Multi-task networks consist of a shared network back-bone followed by a collection of ”heads”, usually one for each task. The flexibility DNNs, make it easy for practitioners to envision diverse architectures according to the available data and annotations. The main advantage of unified model is improving computational efficiency [sistu2019real, sistu2019neurall]. Moreover, such models reduce development effort and training time as shared layers minimize the need of learning multiple set of parameters in different models. Unified models learn features jointly for all tasks which makes them robust to over-fitting by acting as a regularizer, as demonstrated in various multi-task networks [kokkinos2017ubernet, neven2017fast, teichmann2018multinet].
However, multitask networks are typically difficult to train as different tasks need to be adequately balanced such that learned network parameters are useful across all tasks. Furthermore, tasks might have different difficulties and learning paces [guo2018dynamic] and negatively impact each other once a task starts overfitting before others. Multiple MTL approaches have recently attempted to mitigate this problem through optimization of multi-task architectures [Misra_2016, rusu2016progressive, mallya2018packnet, mallya2018piggyback], learning relationships between tasks [long2017learning, standley2019tasks] or, most commonly, by weighting the task losses [Chen2018GradNormGN, kendall2017multi, liu2018endtoend] (Fig. 1). Given the versatility of MTL, in most works a new problem and task configuration is proposed and only a few baselines are considered. It remains difficult to conclude which technique is better, given a new problem and dataset. In this work we benchmark multiple task-weighting methods for a better view on the progress so far.
Meta-learning derived techniques are increasingly popular for solving the tedious and difficult task of tuning hyper-parameters for training a network.
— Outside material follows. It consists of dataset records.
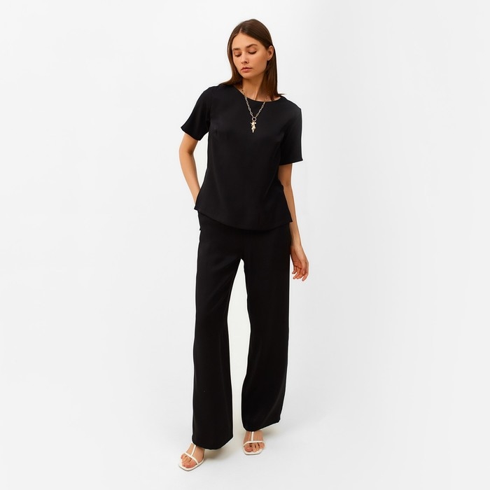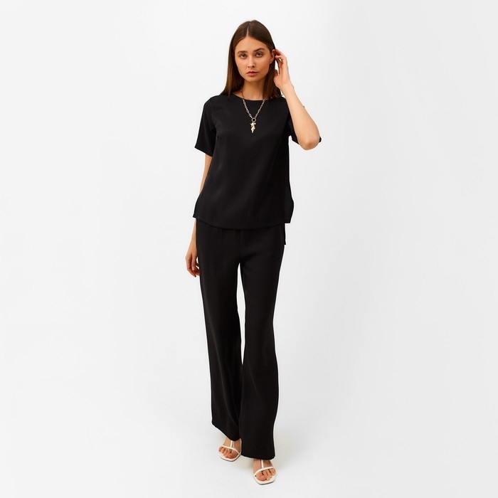 Костюм женский (футболка, брюки) MINAKU: Enjoy цвет чёрный, размер 46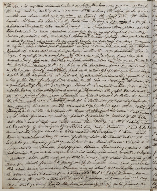 My first destination is Ghazeepore, where I have a letter to the magistrate. Mr Trench, a good artist, where also I want to see or hear of the manufacture of Rose--water & the stud of breeding troop of the Horses for a great part of the Bengal Army. Thence to Dinapore, where I am to see the opium works & a Dr Irving said to be a Botanist (& I sincerely hope he can tell me the name of the commonest plants). After that I shall arrive at Darjeeling by the originally intended time, end of March. I had hoped to have visited Rajmahal, a little below Bhagulpore, to have sent Ferns & Orchideae straight down for Kew, but the rains set in at Darjeeling in beginning of May, so I have no time to lose & I want to be sending a continual supply from thence. These will go down in the hot season & must be repacked in Calcutta, examined & sent on to England. Hitherto I have got on very comfortably & cheaply, only draw under £100 of the money you kindly forwarded for my use.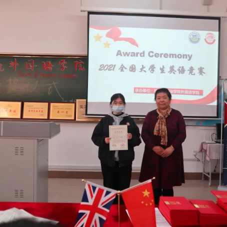 为表彰参赛学子在大学生英语竞赛中取得的优秀成绩,外国语学院于10月26日举办2021全国大学生英语竞赛颁奖仪式,本次活动由王慧宇老师担任主持人。院长王莉娅,副院长高丽娜出席本次活动。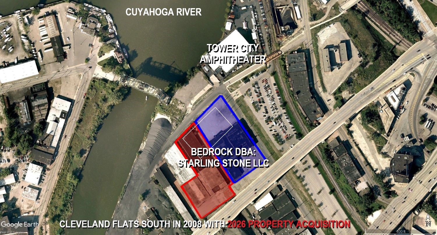 Highlighted in red is Bedrock’s latest, pending real estate acquisition — located next to another but highlighted blue that was acquired by the same Bedrock affiliate — Starling Stone LLC. The white box outline on the Starling Stone properties is the approximate scale footprint of a venue the size of the former Tower City Amphitheater (Google).

Recent methods show encouraging results in finding the network architecture for a given task [zoph2016neural, liu2019auto]. We propose an evolutionary meta-learning strategy for finding the optimal task weights.
In summary, the contributions of our work are: (1) We conduct a thorough evaluation of several popular and high-performing task-weighting approaches on a two-task setup across three automotive datasets. We observe that among state-of-the-art methods there is no clear winner across datasets as methods are relatively close in performance (including simple baselines) and the ranking is varying. (2) We propose a simple weight learning technique for the two-task setting, where the network learns the task weights by itself. (3) We propose learning the optimal task-weights by combining evolutionary meta-learning with task-based selective backpropagation (deciding which tasks to be turned off for a number of iterations). This method outperforms baseline methods across tasks and datasets.
Ii Related work
MTL is not a novel problem and has been studied before the deep learning revival[caruana93multitasklearning]. MTL has been applied to various applications outside computer vision, e.g.collobert2008unified], speech processing [huang2015rapid]lazaric2010bayesian]. For additional background on MTL we refer the reader to this recent review [ruder2017learning].
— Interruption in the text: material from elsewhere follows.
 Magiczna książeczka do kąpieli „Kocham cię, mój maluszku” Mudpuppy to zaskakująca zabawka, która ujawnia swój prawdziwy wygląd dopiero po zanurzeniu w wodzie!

Multi-task networks. In general, MTL is compatible with several computer vision problems where the tasks rather complementary and help out optimization. MultiNet [teichmann2018multinet] introduces an architecture for semantic segmentation and object detection and classification. With UberNet [kokkinos2017ubernet], Kokkinos tackles 7 computer vision problems over the same backbone architecture. CrossStich networks [Misra_2016] learn to combine multi-task neural activations at multiple intermediate layers. Progressive Networks [rusu2016progressive] consist of multiple neural networks which are added sequentially with new tasks and transfer knowledge from previously trained networks to the newly added one. In PackNet [mallya2018packnet]
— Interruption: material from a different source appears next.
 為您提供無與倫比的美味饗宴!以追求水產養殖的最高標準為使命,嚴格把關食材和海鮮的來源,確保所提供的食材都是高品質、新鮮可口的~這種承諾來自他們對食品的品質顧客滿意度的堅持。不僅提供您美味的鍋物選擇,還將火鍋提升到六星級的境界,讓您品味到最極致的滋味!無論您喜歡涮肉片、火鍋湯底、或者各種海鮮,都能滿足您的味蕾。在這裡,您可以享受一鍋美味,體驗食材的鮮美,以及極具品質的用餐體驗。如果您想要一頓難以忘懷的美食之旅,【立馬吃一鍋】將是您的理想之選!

, the authors train a network over a sequence of tasks and for each new task they train only the least-active neurons from the previous task. Rebuffiet al [rebuffi2017learning] train a network over 10 datasets and tasks, and for each task require a reduced set of parameters attached to several intermediate layers. In some cases, a single computer vision problem can be transformed into a MTL problem, et al Mask R-CNN for instance segmentation, which is object detection + classification + semantic segmentation [he2017mask], or YOLO for object detection [redmon2016you].
Task loss weighting. Initial Deep MTL networks made use of a weighted sum of individual task losses [8500504, 8100062]
. Recently, more complex heuristics have started to emerge for balancing the task weights using: per-task uncertainty estimation[kendall2017multi], difficulty of the tasks in terms of precision and accuracy [guo2018dynamic], statistics from task losses over time [liu2018endtoend] or from their corresponding gradients [Chen2018GradNormGN].
Meta-learning is a learning mechanism that uses experience from other tasks. The most common use-case of meta-learning is the automatic adaptation of an algorithm for a task at hand. More specifically, meta-learning can be used for hyper-parameter optimization [li2016hyperband], for exploring network architectures [zoph2016neural, liu2019auto, jaderberg2017population] or various non-trivial combinations of variables, e.g. data augmentation [cubuk2018autoaugment]. In this line of research, we adapt an evolutionary meta-learning strategy for finding the optimal task weights along with the strategy for alternatively training one of the two tasks.
In the following, we provide a formal definition of the MTL setting which will allow us to provide a common background and easier understanding of the multiple task weighting approaches compared and proposed in this work. Consider an input data space and a collection of tasks with corresponding labels . In MTL problems, we have access to a dataset of i.i.d. samples , where is the label of the data point for the task . In computer vision usually corresponds to an image, while can correspond to a variety of data types, e.g. scalar, class label, 2D heatmap, 2D class map, list of 2D/3D coordinates, etc.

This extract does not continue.